(Collected data)

######

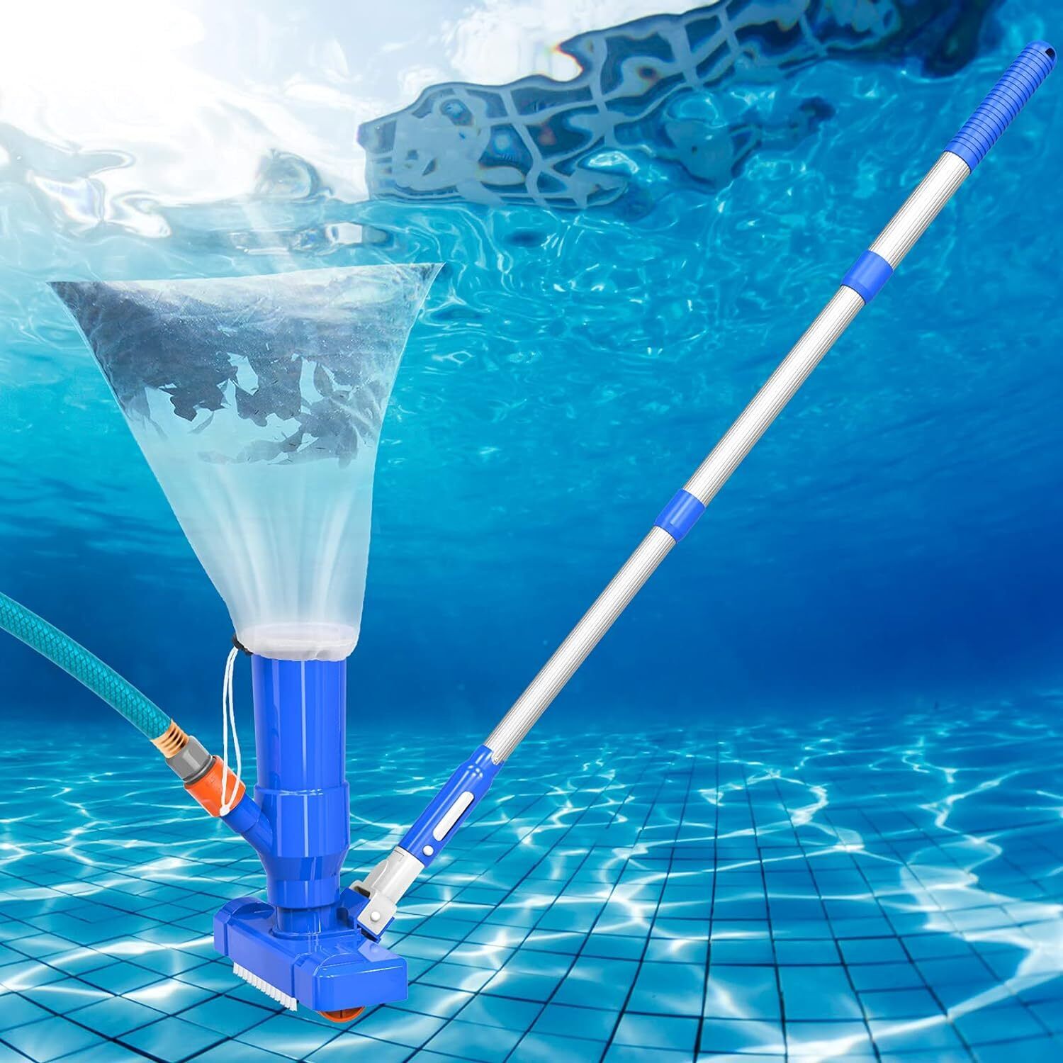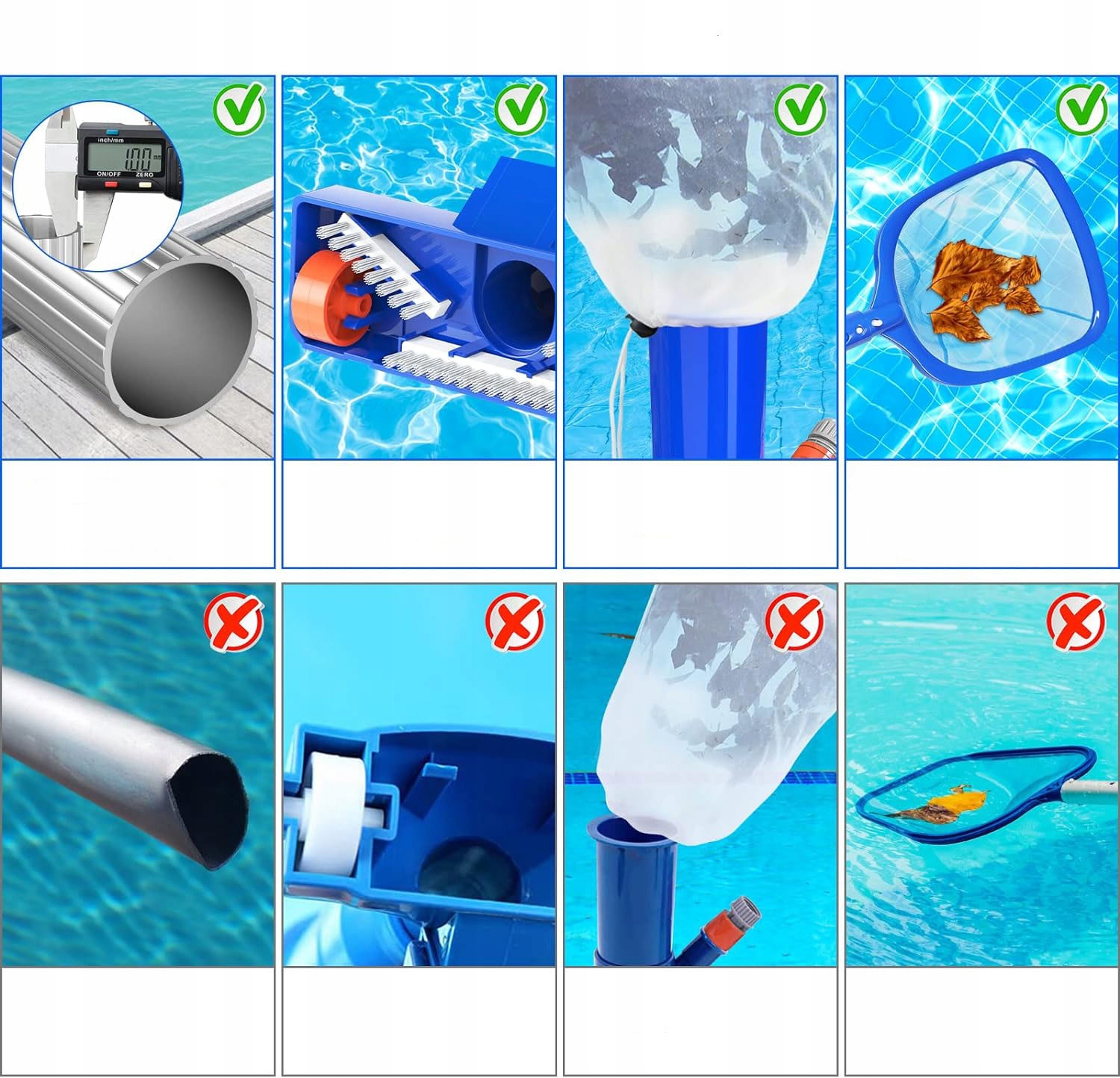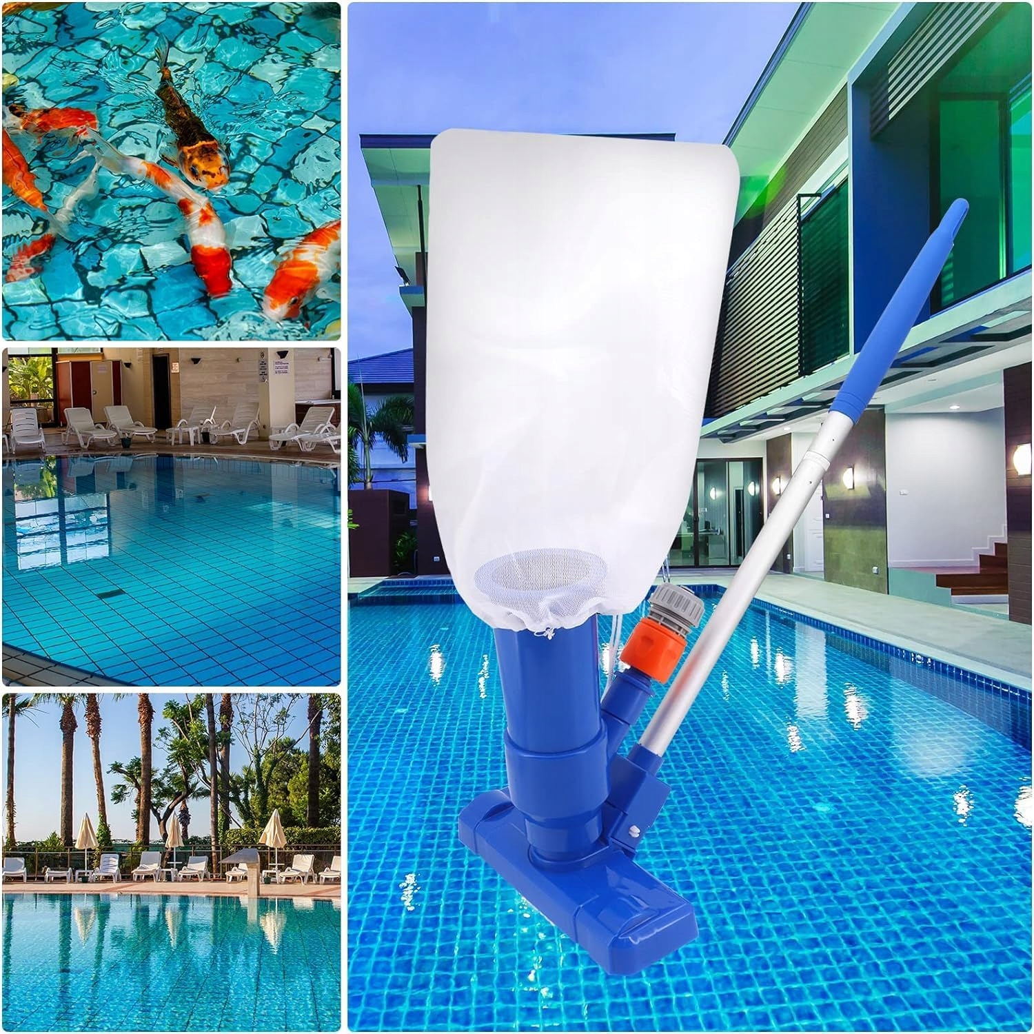 💧 Эффективная очистка: наш бассейн для очистки пола оснащен тремя кистями на дне для очистки под многими углами, с двумя роликами, которые помогают сохранить физическую прочность при перемещении пылесоса. Телескопическая палочка ввинчивается в разъем, благодаря которому она безопасно установлена, и вам не нужно бояться падения. Сетчатая сумка оснащена гибкой струной, которая может быть более крепко прикреплена к уборщику вакуумного уборщика бассейна.
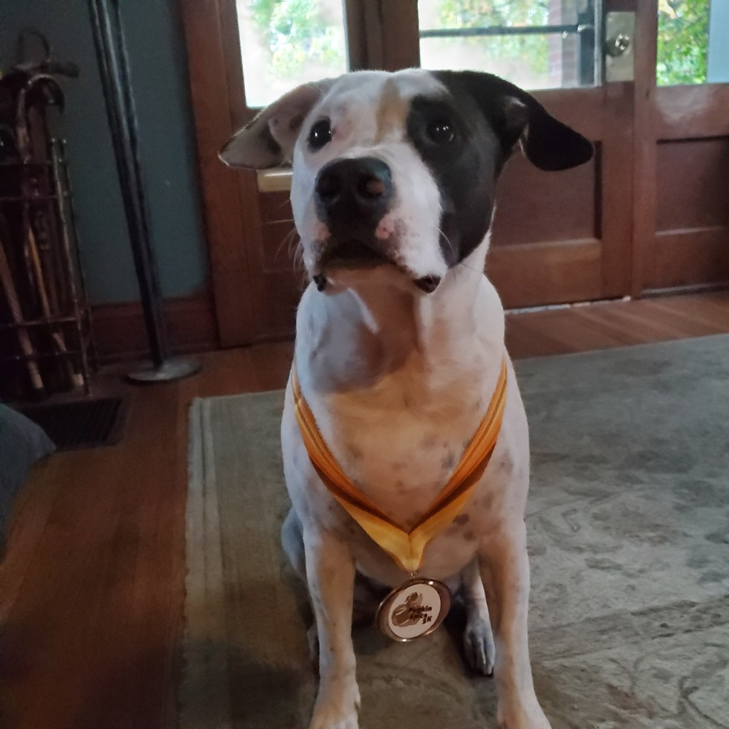 It was coming down steady at race time, so I donned my poncho. Camp went pee on command on the way to the start line because he is the best. The run was fine. Very wet, pretty fun. Thankfully it was mid 50s and no colder or I would be bitching nonstop about the temperature. The only thing of note–about 4 tenths of a mile before the finish, there is an exit out of the park. It is the exit I most often take when I’m in the park with the dogs, which is several times a week. Camp, who was completely and utterly soaking wet at this point and, keep in mind, *not a runner*, seemed to think that perhaps it was time to Later The Fuck Out Of This Noise And Go The Fuck To Our Dry Home. I enthusiastically told him NO! KEEP GOING GOOD BOY WE’RE ALMOST DONE! He said “bitch, I’ll show you how done I am.” He got slower and slower and I basically dragged a doggie anchor up the last hill.
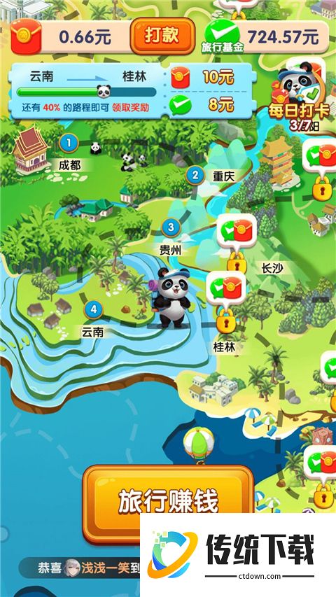 熊猫爱旅行拥有新的游戏机制,让玩家可以更好地探索和参与旅游活动。

######

(What you need to do)
To answer, repeat exactly the lines from the line containing "It was coming" through the last line of the data above, leaving out all pictures.

(Answer area)
 It was coming down steady at race time, so I donned my poncho. Camp went pee on command on the way to the start line because he is the best. The run was fine. Very wet, pretty fun. Thankfully it was mid 50s and no colder or I would be bitching nonstop about the temperature. The only thing of note–about 4 tenths of a mile before the finish, there is an exit out of the park. It is the exit I most often take when I’m in the park with the dogs, which is several times a week. Camp, who was completely and utterly soaking wet at this point and, keep in mind, *not a runner*, seemed to think that perhaps it was time to Later The Fuck Out Of This Noise And Go The Fuck To Our Dry Home. I enthusiastically told him NO! KEEP GOING GOOD BOY WE’RE ALMOST DONE! He said “bitch, I’ll show you how done I am.” He got slower and slower and I basically dragged a doggie anchor up the last hill.
 熊猫爱旅行拥有新的游戏机制,让玩家可以更好地探索和参与旅游活动。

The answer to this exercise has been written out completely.